Faccio qualche passo ogni tanto, mezzo giro della piazza e torno al mio posto.
Sguardo fermo, glaciale, che deve sembrare fissi tutto anche quando non vedo niente, aria truce.
Fra le mani tengo un fucile grosso e dall’aria feroce. Però la mia divisa è bella, porto fra il grigio della pietra eterna e il bianco del marmo sacro i colori del bosco in città. Sembro una zolla di terra.
Potrebbero spuntare i cattivi, da un momento all’altro, proprio qui, in mezzo a migliaia di persone che vengono da tutto il mondo a fare l’occhiolino alla bellezza sulla quale veglio a turni stabiliti da qualche mese. Difficile riconoscere i cattivi fra migliaia di persone diverse. Potrebbe essere quello che mi passa accanto ora, di solito non è nessuno.Anche perché se foste un cattivo voi andreste a fare cattiverie proprio nel raggio d’azione del mio enorme fucile?
Ma io devo personificare la risposta al bisogno di sicurezza e di protezione che c’è in misura diversa dentro tutti.
Poi se c’è qualcosa che i cattivi hanno insegnato nella loro follia è che vogliono carne ed essa si trova ovunque, passeggia o sosta nelle strade e nei locali in varie forme simili.
Ma io non sono ubiquo né indovino, e da qualche parte mi dovevano mettere e forse hanno deciso di mettere un simbolo sotto un simbolo.
Dicono che i cattivi vogliono che si abbia paura, che aggiungiamo alle nostre insicurezze personali altra insicurezza generale.
E così passo le ore qui, tutti mi sfiorano ma tutti fanno finta di non vedermi quando mi passano davanti, devo fare uno strano effetto. Avessi fatto questo mestiere cent’anni fa a quest’ora sarebbe stato molto diverso. Sarei stato carne da cannone, non avrei avuto questo enorme fucile ma sicuramente avrei sparato di più.
Quando finirà questa guerra invisibile, eterna e assente? Ogni guerra pare infinita mentre è in corso. Però questa è un po’ diversa. Non è proprio una guerra.
E’ allerta permanente, è guerriglia civile fra popoli lontani che non si conoscono, è un sacrificio sadomasochista inutile di pochissimi, è una vendetta subdola, una rivalsa assurda, tardiva e di dubbio gusto della storia. E’ un altro giro del cerchio del tempo.
Ma io sono qui. A volte mi avvicino a fare due chiacchiere con gli altri, ma non si può esagerare, a volte mi perdo a fissare qualche culo meritevole, altre volte gioco a immaginare le provenienze delle facce che mi passano davanti, o l’età, finisce che mi diverto a immaginare qualche pezzo di vita altrui.

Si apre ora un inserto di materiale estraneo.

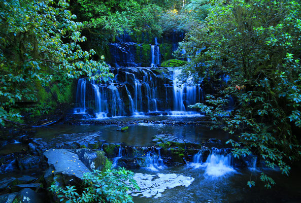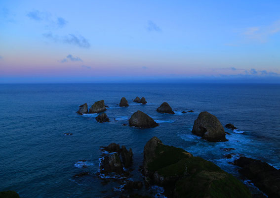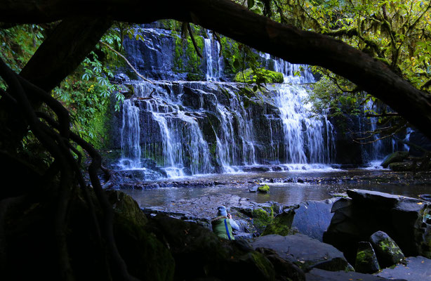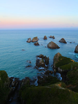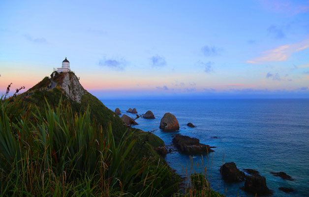 Nachdem alles Gepäck verstaut wurde, starten wir in Richtung Catlins. Alle sind gut drauf, es verspricht ein schöner Tag zu werden und ich bin überglücklich, während der Autofahrt Unterhaltung zu haben. Es war genau die richtige Entscheidung, die abgelegene Gegend Neuseelands zu besuchen. Nicht viele Touristen kommen hier vorbei, jedoch am Meer entlang gibt es eine Sehenswürdigkeit nach der anderen und man ist praktisch überall alleine. Herrlich! Die endlosen, breiten Strände, Monkey Island, der südlichste Punkt der Insel, unendlich viele Wasserfälle im angrenzenden Regenwald und der Sonnenenuntergang am Leuchtturm beim Nugget Point. Leider waren wir zu spät dran, um die Cathedral Caves zu besichtigen. Die Höhlen sind nur bei Ebbe vom Strand aus zu besichtigen. Nach eingebrochener Dunkelheit machen wir uns auf den Weg ins Hostel. Mandy spaßte schon die ganze Zeit im Auto, dass wir in dieser verlassenen Gegend wohl auf ein Hostel im Niemandsland treffen werden. Wir rufen uns die besten Szenen sämtlicher Horror-Movies ins Gedächtnis und als das Navi meint: „Sie haben ihr Ziel erreicht“, kann niemand mehr was sagen. Mit gespenstischer Stille schauen wir auf das ehemalige Krankenhaus in verlassener Landschaft. Ah, das also ist unser Hostel. Es sieht wie ausgestorben aus und das ist es auch. Niemand, rein gar niemand ist da! Alle Türen stehen offen und auf einer kleinen Tafel lesen wir: „Welcome – your room is 106“. Die Gänge sind dunkel und die Türen quitschen. Ich werde mir bewusst, dass wir zu viert heute Nacht ganz alleine in einem ehemaligen Krankenhaus übernachten. Schlagartig wird mir auch bewusst, was für ein Glück ich habe. Hätten sich die Mädels mir nicht angeschlossen, wäre ich nun mutterseelen alleine hier. Daran möchte ich lieber nicht denken, kann ich auch nicht, denn plötzlich quitscht eine Türe. Ach du Scheiße! Wir bemerken, dass sich in der Küche ein Typ aufhält. Wie es sich herausstellt, ein Australier, der auf der angrenzenden Wiese mit seinem Camper steht und hier die Küche mitbenutzt. Irgendwie bin ich froh ihn zu sehen. Langsam entspannen wir uns alle, kochen und essen gemeinsam, schlafen in Krankenhausbetter und haben eine durch und durch ruhige Nacht. Die Besitzerin begrüßt uns am nächten Morgen strahlend und erklärt, dass die Woche zuvor Hochbetrieb herrschte – kaum zu glauben …
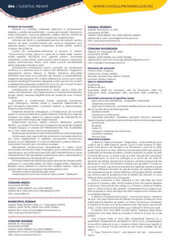 554 / JUDE%u021aUL NEAM%u021a WWW.GHIDULPRIMARIILOR.ROProiecte de investi%u0163ii:Dotarea cu mobilier, materiale didactice %u0219i echipamente digitale a unit%u0103%u021bii de %u00eenv%u0103%u021b%u0103m%u00e2nt %u2013 %u0219coala gimnazial%u0103 %u201cConstantin Virgil Gheorghiu%u201d, comuna%u00a0R%u0103zboieni, jude%u021bul Neam%u021b- 613.013 lei prin F-PNRR-dotari-2023-3033 %u00een stadiul de implementareAchizi%u021bia de dot%u0103ri %u0219i pardoseal%u0103%u00a0 sportiv%u0103%u00a0 de exterior pentru terenul de sport multifunc%u021bional din comuna R%u0103zboieni prin Agen%u021bia pentru Finan%u021barea Investitiilor Rurale (AFIR)- proiect finalizat- 99.227,80 leiLucr%u0103ri de consolidare-restaurare %u0219i punere %u00een valoare %u201cmonumentul eroilor c%u0103zu%u021bi %u00een lupta de la Valea Alb%u0103%u201d valoare total%u0103 eligibil%u0103 367.332,04 prin agentia pentru finan%u021barea investi%u021biilor rurale (AFIR). Acest proiect este finalizat! Interven%u021bia asupra patrimoniului istoric local arat%u0103 concret durabilitatea dintre popula%u021bia actual%u0103 %u0219i viitorAchizi%u021bionare echipament pentru activit%u0103%u021bi de %u00eentre%u021binerea mediului %u0219i a spa%u021biilor verzi %u00een cadrul UAT R%u0103zboieni- Programul Opera%u021bional pentru Pescuit %u0219i Afaceri Maritime 2014-2020 (POPAM) care avea ca %u0219i indicator de rezultat %u0219i sustenabilitate, angajarea de personal, din mediul defavorizat, practic prin acest program pe l%u00e2ng%u0103 finan%u021barea c%u00e2%u0219tigat%u0103, putem spune c%u0103 s-a oferit o perspectiv%u0103 popula%u021biei autohtone la un loc de munc%u0103! Proiect finalizat, Valoarea investitiei fiind de 260.510 leiAchizi%u021bionarea de echipamente %u0219i dot%u0103ri pentru SVSU din cadrul UAT R%u0103zboieni- prin Agen%u021bia pentru Finan%u021barea Investi%u021biilor Rurale (AFIR), valoarea eligibil%u0103 fiind de 24.064,94 euro. Proiect finalizat.Extindere %u0219i modernizare %u0218coala General%u0103%u00a0 Constantin Virgil Gheorghiu- Valoare total%u0103%u00a0 a investi%u021biei 1.688.074.66 lei prin Ministerul Dezvolt%u0103rii, Lucr%u0103rilor Publice %u0219i Administra%u021biei. Proiectul este finalizat.Cre%u0219terea eficien%u021bei energetice a infrastructurii de iluminat public %u00een comuna R%u0103zboieni, jude%u021bul Neam%u021b%u00a0finan%u021bat prin Agen%u021bia Fondului de Mediu, av%u00e2nd ca valoare total%u0103 de 1.025.832,78 lei. Acest proiect este stadiul de implementare.Modernizare drumuri s%u0103te%u0219ti comuna R%u0103zboieni, jude%u021bul Neam%u021b%u00a0, un proiect finan%u021bat prin Programul Na%u021bional de Investi%u021bii %u201cAnghel Saligny%u201d, in valoare de 7.990.022,64 f%u0103r%u0103 TVA, 10.328.526,1 lei cu TVA. Acest proiect tocmai se deruleaz%u0103.Proiecte pe care le dorim s%u0103%u00a0le implement%u0103m %u00een viitorul apropiat:Construirea unei capacit%u0103%u021bi de producere a energiei electrice din surse regenerabile %u00een vederea compens%u0103rii consumului propriu al u.a.t. R%u0103zboieni, %u00een comuna R%u0103zboieni, jude%u021bul Neam%u021b%u201d %u2013 %u00eencercarea finan%u021b%u0103rii prin ministerul energieiDezvoltarea infrastructurii educa%u021bionale %u00een cadrul %u0218colii Gimnaziale Constantin Virgil Gheorghiu, prin construire %u0219i dotare sal%u0103 de sport- prin POR Nord-est 2021-2027 PRIORITATEA 6 -Parte component%u0103%u00a0a ADI AquaNeam%u021b, parteneriat pentru dezvoltarea %u0219i creearea sistemului de distribu%u021bie a apei%u00cenfiin%u021bare sistem de distribu%u021bie gaze naturale de interes public jude%u021bean %u00een comunele %u0218tefan cel Mare, Dragomire%u0219ti, R%u0103zboieni, Bode%u0219ti Girov, Dobreni %u0219i G%u00e2rcina din Jude%u021bul Neam%u021b- Faza de proiect al%u0103turi de componen%u021bii Adi Metropolitan GAZ%u00cenfiin%u021bare sistem distribu%u021bie ap%u0103-canal Modernizarea Caminului Cultural %u201cSpiru Haret%u201d- R%u0103zboieniCOMUNA REDIUCod po%u0219tal: 617380Telefon: 0233-299020; Fax: 0233-299021; Adresa de e-mail: primaria_rediu@yahoo.comURL: www.rediu.roMUNICIPIUL ROMANAdres%u0103: Pia%u0163a Roman Vod%u0103, nr. 1; Cod po%u0219tal: 611022Telefon: 0233-741119, 741651; Fax: 0233-741604; Adresa de e-mail: primaria@primariaroman.roURL: www.primariaroman.roCOMUNA ROM%u00c2NIAdres%u0103: str. PrincipalaCod po%u0219tal: 617385Telefon: 0233-768925; Fax: 0233-768925; Adresa de e-mail: primaria@comunaromani.roURL: www.comunaromani.roORA%u0218UL ROZNOVAdres%u0103: Tineretului, nr. 663Cod po%u0219tal: 617390Telefon: 0233-665471; Fax: 0233-665435, 665241; Adresa de e-mail: roznov@primariaroznov.roURL: www.primariaroznov.roCOMUNA RUGINOASAAdres%u0103: Str. Principal%u0103, Nr. 569CCod po%u0219tal: 617183Telefon: 0233-761290; Fax: 0233-761288; Adresa de e-mail: primariaruginoasa2013@yahoo.comURL: http://primariaruginoasa.ro/Persoane din primarie:Primar: Miluc%u00a0Grigora%u0219Viceprimar: Costel%u00a0 Asaftei%u00a0Secretar General:%u00a0Dan Stelian%u00a0Tanas%u0103Contabil: Stelian G%u0103buroiSate %u00een administra%u021bie:Ruginoasa,Bozienii de SusSuprafa%u021ba:%u00a0 3030 ha; Intravilan:%u00a0 493 ha; Extravilan:%u00a0 2527 ha; Popula%u021bia:%u00a0 1925; Gospod%u0103rii:%u00a0 825; Locuin%u021be:%u00a0 948; Gr%u0103dini%u021be:%u00a0 1; %u0218coli:%u00a01; Activitati economice si specifice zonei:Agricultura de subzisten%u021b%u0103 - Gospod%u0103rii individualeCre%u015fterea animalelorAgricultura intensiv%u0103 - activitate desf%u0103%u015furat%u0103 pe raza comunei de un num%u0103r de 9 societ%u0103%u0163i agricoleConfec%u021bii textileComer%u021bul cu am%u0103nuntulCultivarea plantelor:%u00a0 cerealelor, plantelor tehnice, plantelor leguminoase %u015fi a plantelor produc%u0103toare de semin%u0163e oleagenoaseConstruc%u021biiBrut%u0103rieCablu TVTransport materiale de construc%u021biiConfec%u021bii metaliceService auto Obiective turistice:a. Biserica %u201cSf%u00e2ntul Nicolae%u201d - Ruginoasa - a f

Maledetta torre di Babele. Qui suonano decine di idiomi. Chissà che si dicono. Fotografie, miliardi di fotografie, scatti come spari in un combattimento immaginato, pose sempre uguali.
La maggior parte del tempo lo passo fra uno sguardo alla Cupola e uno alla facciata della chiesa. L’occhio batte dove la meraviglia duole.
La Cupola è grandiosa, è perfetta, è indescrivibile.
In questo momento il cielo dietro di lei brilla spazzato dal vento freddo di questo inizio di primavera, accanto ha uno spicchio di luna crescente bianco, tutto si muove sotto, persone come onde e lei rimane immobile, io la guardo e penso che anche solo potersi immaginare di essere a difenderla è un privilegio stupendo e che se me lo permettessero rimarrei qui a oltranza, per tutta la vita.
La facciata della chiesa trasuda fierezza e magnificenza, a volte mi pare che una statua si volti o muova un braccio.
Ora però è finito il turno. Nessuna traccia dei cattivi. Il fucile diventa come un bambino dopo un po’ che lo tieni fra le mani. Un bambino che può sparare e invece mi dorme fra le braccia.
Si torna verso la jeep posteggiata al lato della chiesa, per fare ancora più impressione. Sembra un albero cresciuto in città, uno strano arbusto spuntato dalla pietra.
Passo davanti a un’edicola. Il bollettino del giornale scrive a grossi caratteri che stanno per mandarci rinforzi.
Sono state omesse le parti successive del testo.